A ascensão de Thatcher ao poder marcou mudança histórica que se viu acontecer em outras partes do mundo, por exemplo, no governo de Ronald Reagan nos EUA.[1] Marcou um esforço declarado para reverter os benefícios oferecidos pelo Estado de Bem-estar, sob o argumento que o estado de bem-estar desestimula as pessoas para o trabalho duro como meio para melhorar de vida.

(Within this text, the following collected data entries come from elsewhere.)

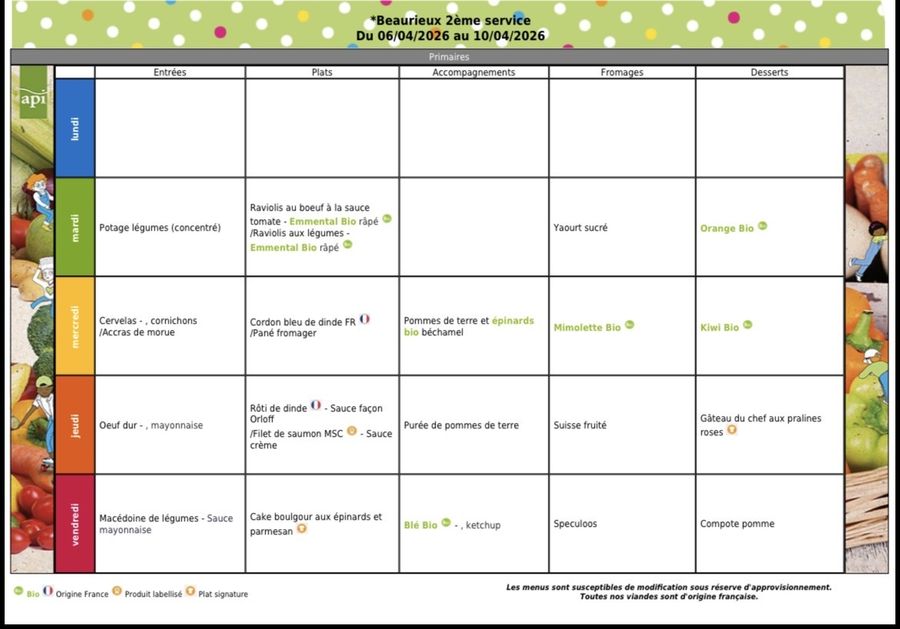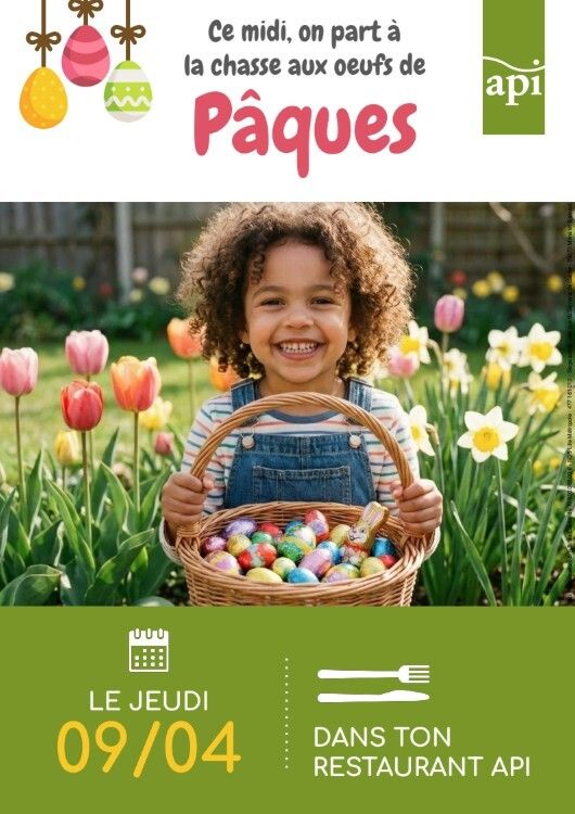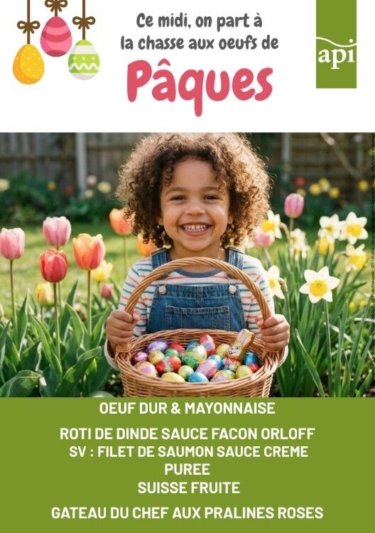 Cette semaine, nos chefs ont mis les petits plats dans les grands (ou les grands plats dans les assiettes des petits !) pour fêter Pâques avec un repas plein de couleurs et de saveurs : œufs durs mayonnaise, rôti de dinde sauce façon orloff accompagné d'une purée, un suisse fruité et pour finir un gâteau du chef aux pralines roses.
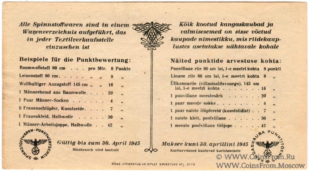 Без номера. RLuOSa (RIGAS LITOGRSFIJA UN OFSET SPIESTUVE ATL. 3173). Текстильные талоны. Reichskommissariat OSTLAND.
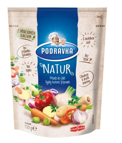 Podravka Natur is a food additive made from purely natural ingredients - sea salt, 9 types of vegetables, spices and herbs. Without gluten, without 'e's', without added glutamate or yeast extract, suitable for vegetarians and vegans. 480 g of fresh vegetables were used to produce a 150 g pack.
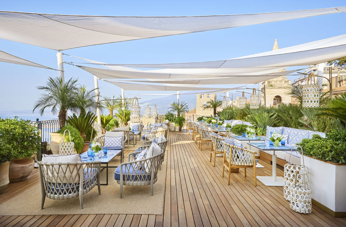 Localizado na prestigiada Corso Umberto I, o bar exibe tons de azul e branco, inspirados pelo mar que banha a Sicília. Sob a direção do chef Roberto Toro, do renomado Belmond Grand Hotel Timeo, o menu sofisticado inclui pratos regionais com um toque contemporâneo, como os tradicionais arancini, tartare de atum de Favignana, além de delícias de caviar e ostras. Os drinques são um espetáculo à parte, com oito coquetéis autorais criados pelo mixologista Claudio Adelfio, que refletem a essência de Taormina.
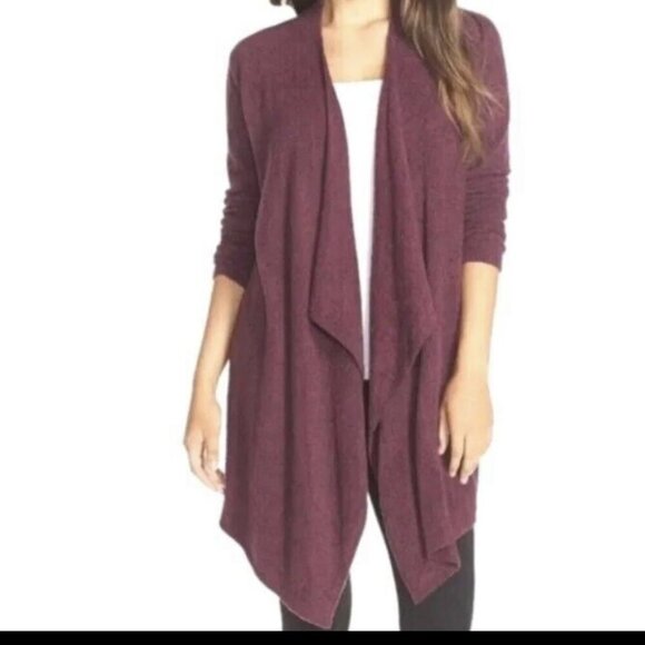 Barefoot Dreams CozyChic Lite cardigan in a rich plum color. Size L/XL. Super soft and lightweight with an open draped front and front pockets. Perfect for layering or lounging.
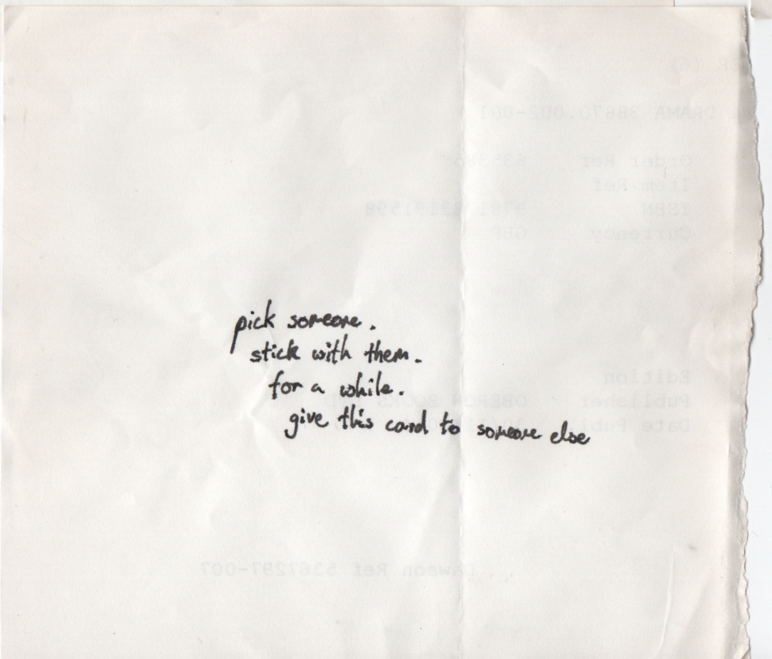 writing something down pinpoints one thing, making it more selective. this is the opposite of what the cards had been previously: an inundation of instructions.
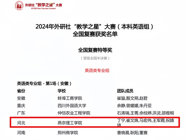 本网讯(人文教育学院 王军霞)近日,2024年外研社“教学之星”大赛全国复赛结果揭晓,人文教育学院商务英语专业教师团队丁宁、崔文姝、马宏伟、王军霞、祝婧琦荣获全国英语专业组全国复赛特等奖,晋级全国半决赛,将于8月3日赴安徽合肥参赛。
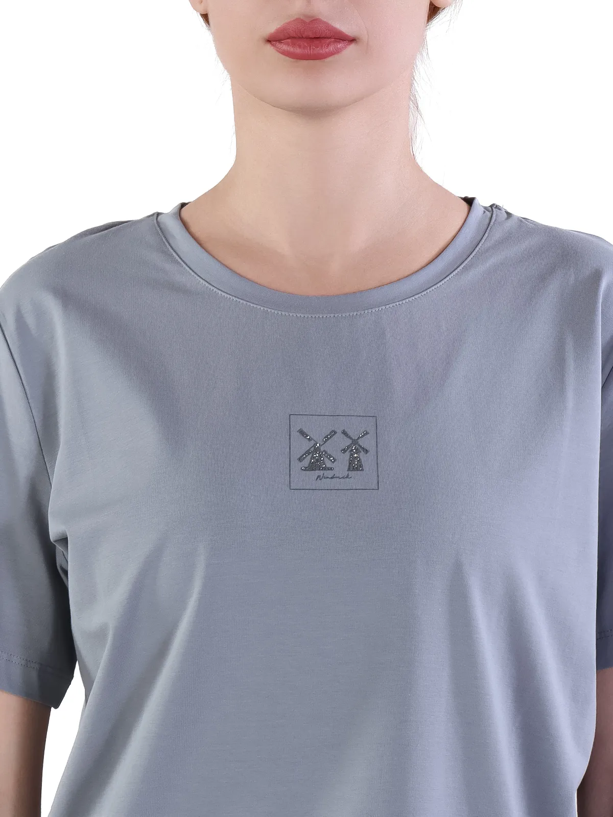 - Универсальность: благодаря круглому вырезу и лаконичному дизайну, эту футболку легко сочетать с другими вещами, создавая разнообразные образы для любого случая.
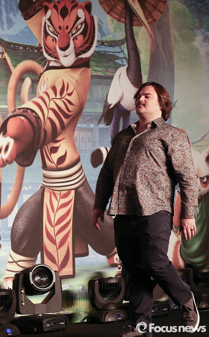 (서울=포커스뉴스) 21일 오전 서울 영등포구 콘래드 서울호텔에서 열린 쿵푸팬더3 기자간담회에 참석한 배우 잭 블랙이 포토타임을 위해 이동하고 있다.
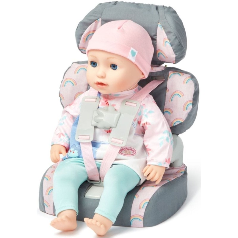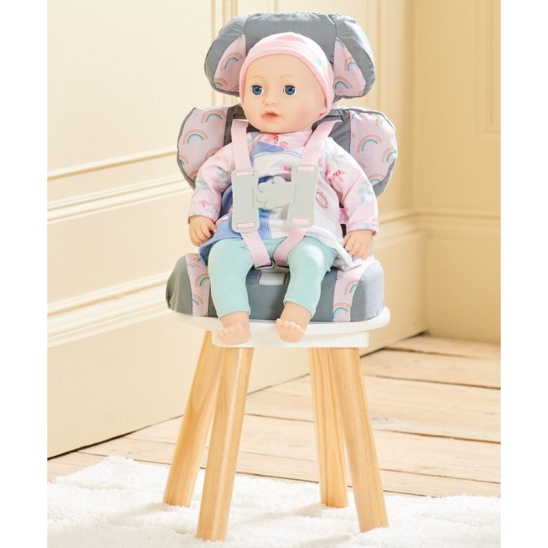 В комплекте находится очаровательный автокресло в радугу, которая пригодится во время путешествий и кормления кукол. Можно будет кормить ее, ухаживать за ней, а также брать с собой на прогулки.
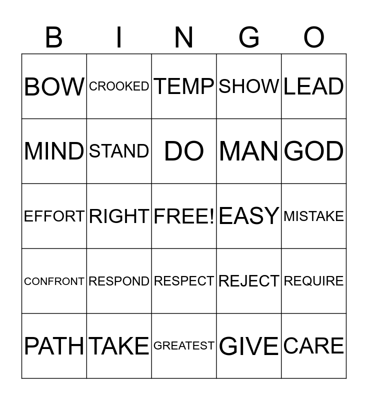This bingo card has a free space and 24 words: RESPOND, TAKE, DO, PATH, LEAD, BOW, MIND, CROOKED, EASY, RESPECT, MAN, EFFORT, REJECT, REQUIRE, STAND, GIVE, MISTAKE, TEMP, GOD, RIGHT, CARE, CONFRONT, SHOW and GREATEST.
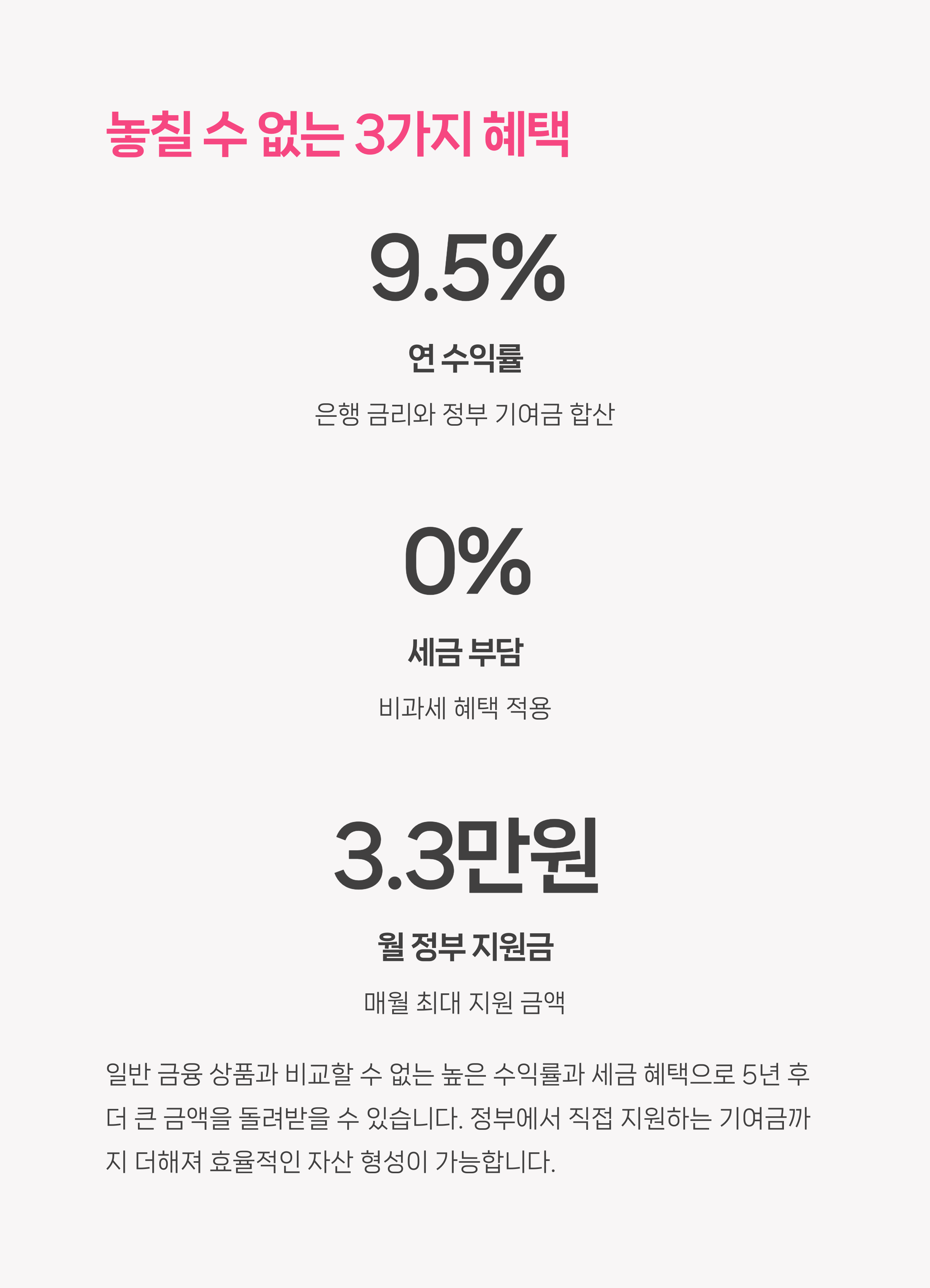 최대 수익률 연 9.5%로 높은 수익률과 정부 기여금 제공
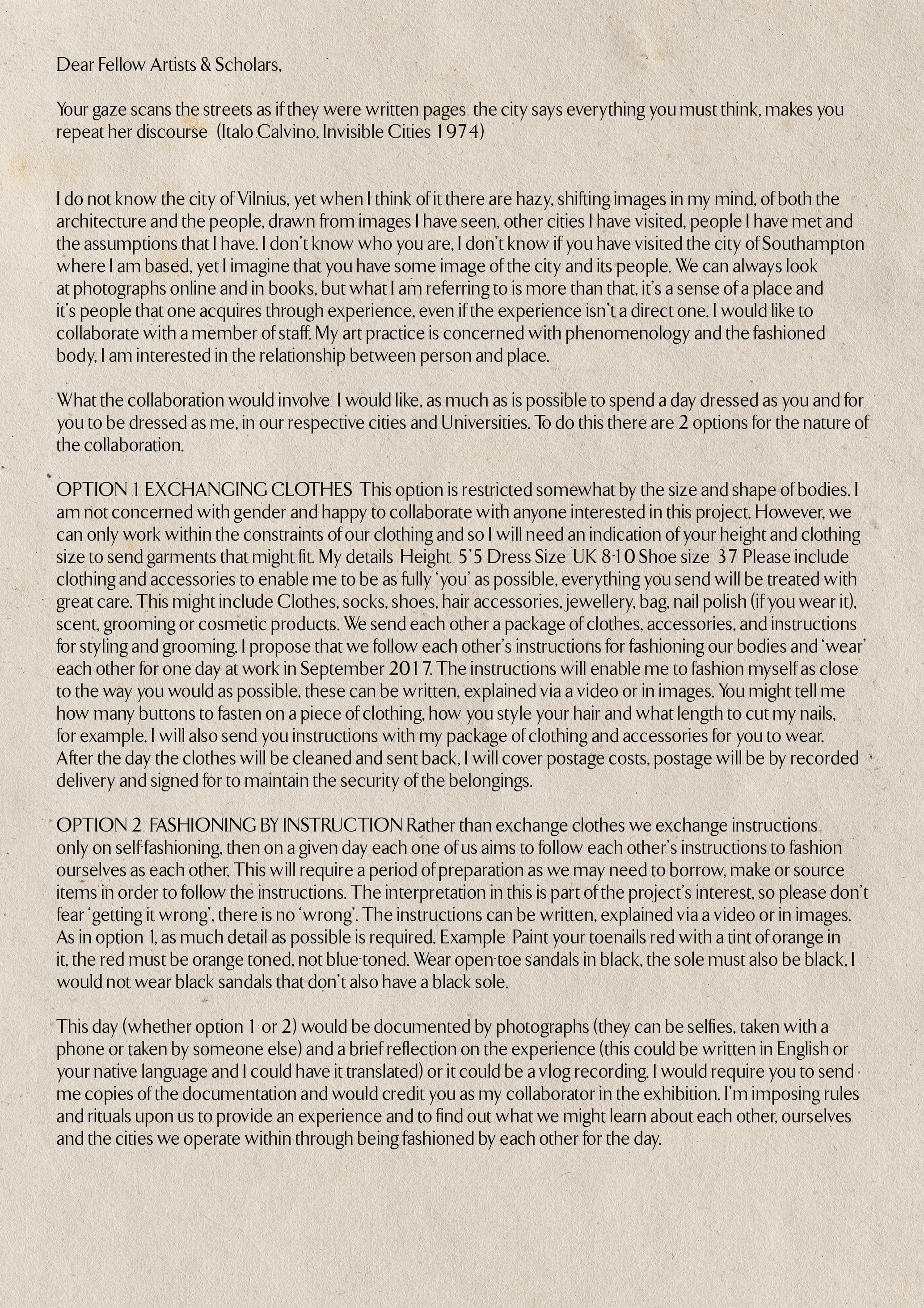 The second person I fashion myself as is Marie, an Associate Professor in Visual Arts at a University in Eastern Europe. I am interested in working in collaboration with someone who is a genuine stranger, and a request to participate in a group exhibition facilitates this opportunity. Marie responds to a call I send via email through a mutual contact to the academics at her institution to undertake a project with me, whereby we ‘swap’ our corporeal identities. The exhibition is related to cities, and so there is framing around this in the letter I send out, but that is not relevant to explore here. (*Marie is a pseudonym)

Foi período de intensa repressão aos sindicatos, sob o argumento de que seria preciso "flexibilizar" o mercado de trabalho e privatizar o patrimônio do estado, na crença de que as empresas privadas seriam mais eficientes que o Estado, para administrar o patrimônio social ["flexibilizar" foi o mote incansável, também, dos governos de FHC no Brasil (NTs)].
Thatcher fez aprovar leis para limitar a ação dos sindicatos (leis de 1980, 1982, 1984, 1988, 1989 e 1990). Essa legislação enfraqueceu o poder de barganha dos sindicatos, e o desemprego aumentou durante seu governo (mais de meio milhão de novos desempregados). O desemprego aumentou sobretudo na Irlanda do Norte e em áreas industriais da Inglaterra e da Escócia.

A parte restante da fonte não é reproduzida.